I built my application using Celery to run periodic scripts and asynchronous functions. I would like some tips on deploying Celery on GCP. I am using Cloud Run to host my application.
My high-level understanding is that Cloud Run requires a “web” process, so you have two options:
- Spawn celery as a separate background process, then spin up a dummy web process.
- Switch to Google Cloud Scheduler / Google Cloud Tasks
I think it’s typically not difficult to do the latter, and that is probably the “recommended” way to run background tasks on Cloud Run.
+1 to Google Cloud Tasks. I’ve recently created a Django integration, involving the following steps:
- Enqueue tasks using the
google-cloud-tasks
official client library, optionally serializing task arguments into the JSON body of the task request. - Add a view to process tasks as POST requests (receiving task arguments in the JSON request body).
- Make sure to authorize the incoming requests: Authenticating service-to-service | Cloud Run Documentation | Google Cloud.
- Optionally deploy the “worker” as as a separate Google Cloud Run service so that it can be scaled and monitored separately from the public facing web part of the Django application.
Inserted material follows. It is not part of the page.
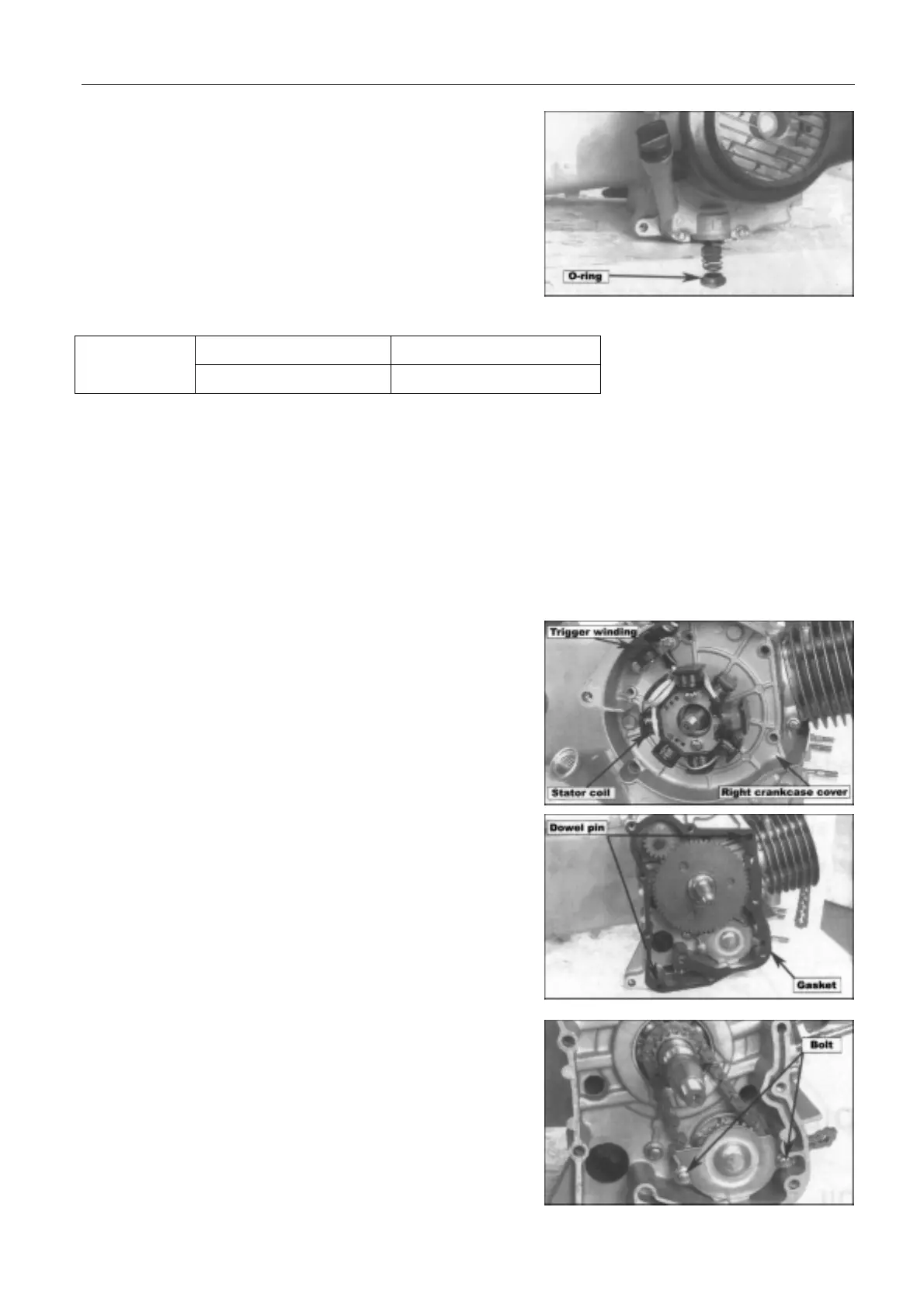 Start the engine and run several minutes in the idle position to make sure there is no oil leakage.

I created a separate VM to run my Celery, added my project, and executed Celery there. I connected my Google Cloud Run and my VM to the same Redis and Postgres, and it’s working. I haven’t ventured into using Google Cloud Tasks due to a lack of time and knowledge to use them, but I will definitely look into how to use them in the future. Thank you very much for your help and for the valuable tips!